Итак, Аристотель религиозен, но божеством для него является Ум, управляющий космосом. Поэтому при построении системы своей философии он ни в какой религии не нуждается.

Разумно-жизненное всеединство. Теперь мы можем попробовать подвести и общий итог философии Аристотеля в целом, поскольку основные начала этой философии нами уже сформулированы. Бросая такой общий взгляд на философию Аристотеля в целом, нельзя не надивиться ее своеобразию и яркой совмещенности того, что обычно у философов излагается слишком раздельно.

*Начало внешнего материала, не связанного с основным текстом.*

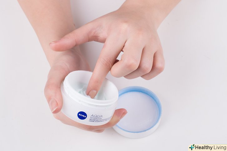 Підберіть зволожуючий крем, відповідний для вашої шкіри. щоденне зволоження шкіри дуже сильно впливає на те, як вона виглядає з віком. [4] і все-таки важливо підібрати такий крем, який підходить для вашої шкіри. [5]- Для жирної шкіри вибирайте крем на водній основі. Зверніть увагу на те, що вам потрібен крем, що не викликає вугровий висип. Зазвичай це буває зазначено на упаковці. Такі крему не забивають пори. Для сухої шкіри потрібен крем важче. Вам варто віддати перевагу крему на масляній основі. Якщо у вас комбінована шкіра, можливо, Вам слід зупинитися на чомусь між водною і масляною основою. Більшість зволожуючих кремів мають маркування, для якого типу шкіри вони призначені. Але з віком вашій шкірі необхідно більше вологи, тому для зрілої шкіри краще вибрати крем на масляній основі, незалежно від типу шкіри. [6]

Если начать говорить, например, о материи, то у Аристотеля вовсе нет такой материи, которая была бы бесформенной грудой неизвестно чего. Она вся проникнута и жизнью, и умом, так что жизнь и смысл даже трудно отделить у Аристотеля друг от друга. Аристотель бесконечно всматривается в эту оживленную материю, и он бесконечно рад находить в ней мельчайшие подробности в их живом соотнесении. Аристотель писал целые трактаты, посвященные, например, анатомии и физиологии животного мира, в которых он с детской наивностью и с большим удовольствием для себя старается уловить и формулировать безграничные детали жизненного процесса.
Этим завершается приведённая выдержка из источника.